Version-Release number of selected component (if applicable):
RHEL OSP 9

# awk '/heat/ {print $1}' installed-rpms 
openstack-heat-api-6.1.0-1.el7.noarch
openstack-heat-api-cfn-6.1.0-1.el7.noarch
openstack-heat-api-cloudwatch-6.1.0-1.el7.noarch
openstack-heat-common-6.1.0-1.el7.noarch
openstack-heat-engine-6.1.0-1.el7.noarch
python-heatclient-1.2.0-1.el7ost.noarch


How reproducible:
Everytime for Cu. 

Steps to Reproduce:
1. Create heat stack with load balancer configuration and add two members to it.
2. Delete one of the member. 
3. heat is not able to spawn a new instance to maintain the minimum count defined in template.

Actual results:
Heat is not spawning new instance to maintain the min. count.

Expected results:
Heat should spawning new instance to maintain the min. count.

Additional info:

Comment 4 Zane Bitter 2017-03-16 00:33:32 UTC

stack-show on the nested (autoscaling group) stack will tell you why it failed.
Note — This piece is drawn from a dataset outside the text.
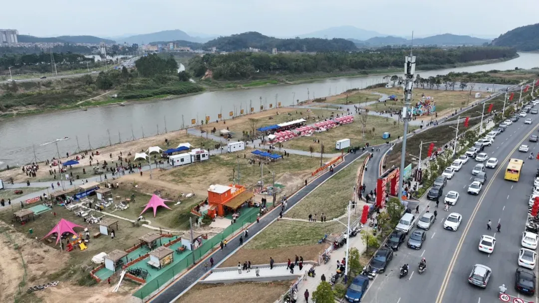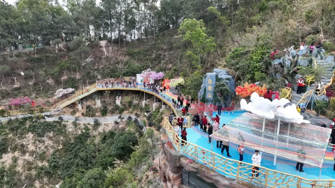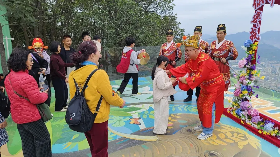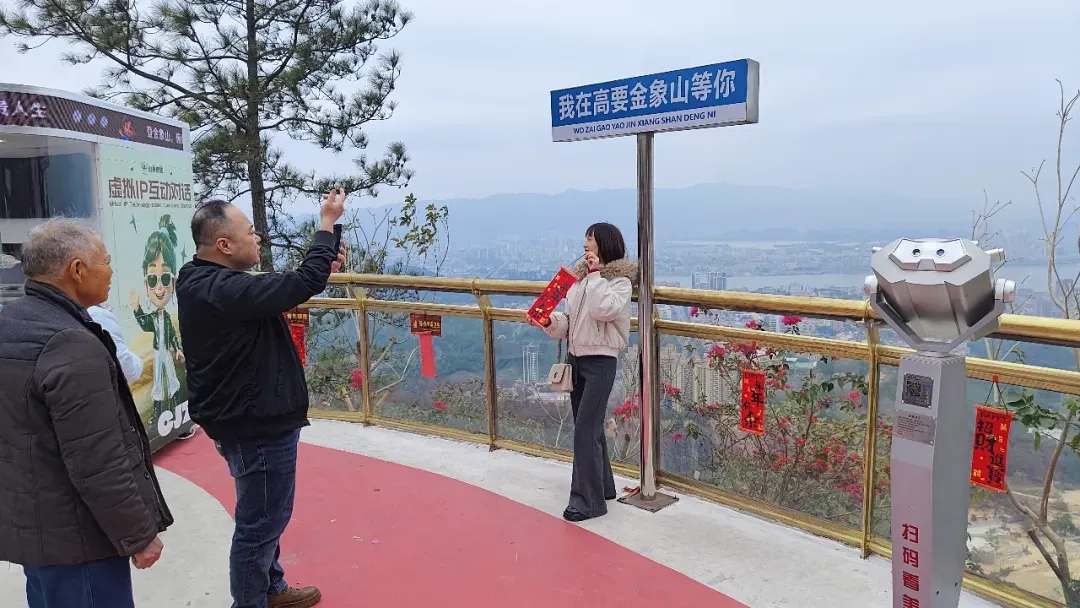 沿着修葺一新的步道登山,沿途悬挂的红灯笼与祈福带随风摇曳,处处洋溢着喜庆氛围。在山顶观景台,游客们争相与“财神爷”合影,领取寓意吉祥的“利是”。从广州回乡过年的黄女士兴奋地说,新年来登金象山既能锻炼身体,又能为新年讨个好彩头,这样的春节活动很有意义。站在爱心情侣观景平台上,新兴江与高要城区尽收眼底,山水相依的画卷让游客流连忘返。

You can get the uuid of the nested stack by doing "openstack stack resource show WebServer-Stack WebServerASG", it's listed as the physical_resource_id.

Comment 6 Zane Bitter 2017-03-16 13:46:34 UTC

So the error is:

resources.tdhf2cznzqnd: StackValidationFailed: resources.member: Property error: member.Properties.address: Error validating value ''

So it looks like the scaling unit is a nested stack, and that it contains a resource named 'member' with a property called 'address', and the address is resolving to an empty string when it needs to be a valid IP address.

This could be a problem with the template, or it could be a bug in Heat. (At the validation stage, intrinsic functions like {get_attr: } don't return valid values, but Heat ought to cope with that gracefully.) Could you attach the lb_server.yaml template?

Comment 7 VIKRANT 2017-03-16 14:37:45 UTC

Here is the conten of lb_server.yaml template.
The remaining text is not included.